In nature, the relationship between the two sexes is often far from harmonious. The damselfly Enallagma hageni is a species whose males frequently harass females. Males of this species are bright blue, whereas females can be either male-like blue or green. In Chapter 1, I tested for the first time, the hypothesis that female-specific color polymorphism in odonates can resolve sexual conflict by lowering male harassment towards females. Under conditions controlling for sex ratio, population density and morph frequency, I also tested two major hypotheses for the maintenance of the polymorphism. Contrary to the prediction, per capita harassment rate for the female-monomorphic treatments did not differ from that of the female-polymorphic treatments. At a male biased sex ratio, per capita harassment rate towards blue, but not green females increased with morph frequency, providing partial support for frequency-dependent selection that maintains female polymorphism.

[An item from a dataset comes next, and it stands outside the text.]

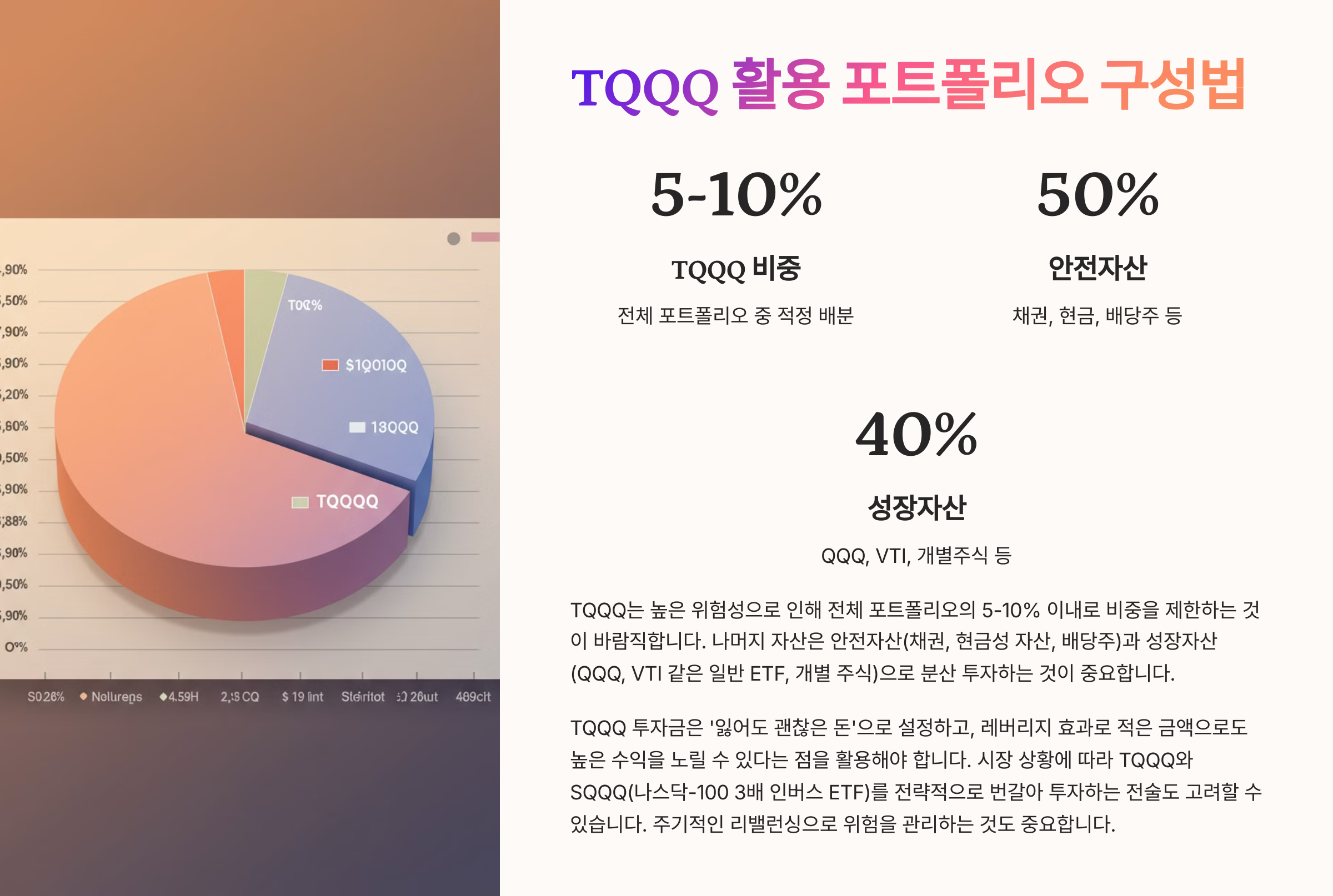 TQQQ는 고위험 고수익 상품이라 단독으로 포트를 구성하기보다는 다른 ETF들과 조합해 '위험 조절형 전략'으로 편입하는 게 좋아요. 일반적으로는 QQQ, SPY, 채권 ETF 같은 안정적인 자산과 섞어 변동성을 낮추는 방식이 많이 쓰여요.

Paradoxically, male E. hageni were obeserved to sexually harass not only females, but also other males. In Chapter 2, using E. hageni as a model system, I tested hypotheses on the causes of male-male harassment and investigated the effect of male-male harassment on male-female mating opportunity in two experiments in outdoor enclosures. Results from both experiments suggested that male mating harassment towards males had mixed causes: under male-biased sex ratios, male-male clasps may be the result of generalization from the search image of blue females to males, but under equal or female-biased sex ratios, male-male clasps may be mistakes in sexual recognition. The latter type was rare and did not incur short-term cost in male-female mating opportunities.
Discriminating between the sexes is one of the most fundamental tasks in an animal’s life, yet such discrimination can be challenging if one sex resembles the other. In Chapter 3, I investigated how male E. hageni distinguish sex when the blue females mimic male coloration. I hypothesized that males should minimize confusion by using non-mimetic cues that differ between the models (i.e., males) and the mimics (i.e., the blue females). Both female morphs share an abdominal pattern that differs from the males’. In an experiment where I modified abdominal patterns of males and females of two color morphs, I found that males selectively use both color and pattern in sex recognition: they use pattern only when they encountered blue, but nor green individuals. I then derived and tested potential male decision rules for sex recognition by exposing focal males to females painted with novel orange and pink colors. Males reacted sexually to orange- and pink-painted individuals regardless of their abdominal pattern. Collectively, the results supported a male discrimination rule of ‘if not blue, then female’, providing insights into the origin of phenotypic novelty in color polymorphic species.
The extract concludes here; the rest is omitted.